Magazine article The Exceptional Parent

Let's Get Physical

Magazine article The Exceptional Parent

Let's Get Physical

Article excerpt

Adapted Physical Education

Adapted physical education is federally mandated according to special education law. The law states: " ... physical education, specially designed if necessary, must be made available to every student with a disability receiving a free appropriate public education." Adapted physical education services should be a part of the Individual Education Plan (IEP) of every student who is eligible. All states and public schools must comply with this federal law.

According to the National Consortium for Physical Education and Recreation for Individuals with Disabilities (NCPERID), "Qualified teachers with appropriate state-approval, certification, license, or credential in adapted physical education should plan, implement, and evaluate physical education instruction for students with disabilities. Many states have specific qualifications or standards for adapted physical education teachers. In states without established adapted physical education professional standards, qualified personnel should implement adapted physical education. National standards for adapted physical education teachers have recently been developed through a project of NCPERID sponsored by the U.S. Department of Education-Special Education Programs. National Certification in adapted Physical Education is now available to qualified physical education teachers through NCPERID."
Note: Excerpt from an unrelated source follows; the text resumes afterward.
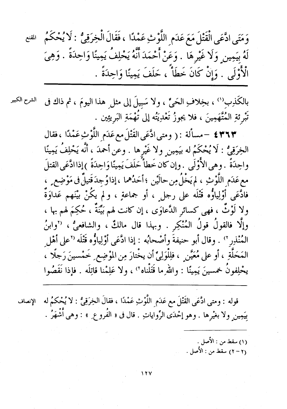 وَمَتَى ادَّعَى الْقَتْلَ مَعَ عَدَمِ اللَّوْثِ عَمْدًا، فَقَالَ الْخِرَقِىُّ: لَا يُحْكَمُ لَهُ بيَمِينٍ وَلَا غَيْرِهَا. وَعَنْ أَحْمَدَ أنَّهُ يَحْلِفُ يَمِينًا وَاحِدَةً. وَهِىَ الْأَولَى. وَإِنْ كَانَ خَطَأً، حَلَفَ يَمِينًا وَاحِدَةً.

In the following articles, three teachers of adapted physical education share their approaches to serving children and adolescents with special needs. These individuals are working within their school districts to ensure that adapted physical education is available to those students who are entitled to it.--the Editors

Learning Movement Through Play

Physical activity is critical to the health and well-being of every individual, and it is even more important for children with disabilities. Adapted physical education (PE) can help children master the skills they will need for daily living, such as walking, running, stair climbing, transferring, and wheelchair mobility. In addition, adapted PE programs help children develop skills for participation in recreational and sport activities within their communities, preparing them for a lifetime of positive, playful activities.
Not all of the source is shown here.